Solar geoengineering has been touted as a promising method of ensuring that our planet remains habitable by artificially cooling the climate. However, embarking on such a path could have grave consequences if the process were to be abruptly reversed, a new study finds.
Geoengineering takes many different forms, many of which use radically different principles to achieve the same end goal. Solar geoengineering revolves around the use of aerosols to reflect sunlight back into space. The technique doesn't have a direct impact on carbon in the atmosphere, so it's not a definitive solution to climate change. However, its proponents say that it can reduce temperatures, giving us some extra time to remove more carbon from the atmosphere.
A new study led by Christopher Trisos, an ecologist at the National Socio-environmental Synthesis Center, assesses the risks of taking such an action for a limited period of time. The paper, published in Nature Ecology & Evolution, suggests that the sudden termination of a solar geoengineering program could cause greater harm than climate change itself.
"The study looks into a rapid start and a rapid termination of solar geoengineering, which is probably not the way the world would do it," said Janos Pasztor, executive director of the Carnegie Climate Geoengineering Governance Initiative, speaking to Futurism. "But we live in a not-so-perfect world. Things can happen. I share the implied worry of the authors that there is a plausible scenario that a single country, or a small group of countries, or even a wealthy individual could actually engage in solar geongineering deployment. That could result in exactly this kind of rapid start and rapid stop."
This kind of geoengineering, the study finds, would have a massive impact on regional ecosystems.
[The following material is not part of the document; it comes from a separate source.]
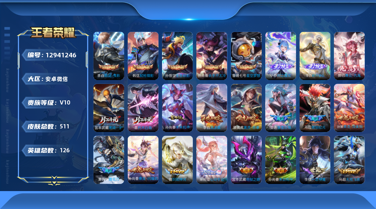 [12941246]AK814-有二次-安卓-V10-126英雄-511皮肤-6水-3无双-2珍品传说-46传说-190史诗
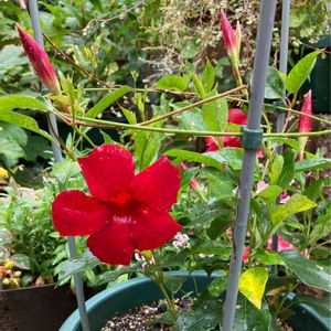 おはようございます☔ 雨の朝気づいたら咲いてたサンパラソル ビューティー❤ 葉っぱが黄色くなって落ちるのは肥料切れ???

The researchers compared changes to temperature and precipitation in a scenario where a solar geoengineering project ran from 2020 to 2070 to one where it was not. The former recorded changes to local climates that were between two and four times more dramatic.
This would mean that species would be forced to travel in one direction to maintain a similar level of precipitation, and another to pursue the temperature they are accustomed to. It's thought that areas that are rich in biodiversity, like tropical oceans and the Amazon basin, would be at the greatest risk.
"Certain trees grow in certain temperature zones, certain animals live in certain temperature zones, and so on – that's the normal balance of things. If you change the temperature slowly, some animals can move with the temperature. We've seen some fish move north as the waters become warmer. Some plants can move too, but of course much slower."
Look Before You Leap
The problem with a quick start and a quick termination of a solar geoengineering project is that even if species are able to adjust to the initial changes to their environment, further changes would come just a few decades later.
"Solar radiation management would have to be sustained and increased to offset increased greenhouse gas warming," said Dennis L. Hartmann, a professor in the University of Washington’s department of atmospheric sciences, when he spoke to Futurism in November 2017. "If the solar radiation management is halted for any reason, then a rapid warming would result, with likely catastrophic consequences."
One of the biggest challenges in implementing solar geoengineering is the fact that any project would have to be subject to political proceedings spanning decades. It could only ever come to fruition if there was an international agreement to pursue these changes, at which point an institution would have to be put in place to ensure that it's upheld.
The Carnegie Climate Geoengineering Governance Initiative maintains that further exploration of the risks and benefits, and a shared governance framework are prerequisites for any deployment of solar geoengineering. This is because, they say, the consequences of a rapid deployment are far from the only potential problem.
"This [study] feeds in to exactly what is needed," said Pasztor. "It's just one of many, many issues where we need to know more, but this is clearly in that direction, so I salute this kind of study."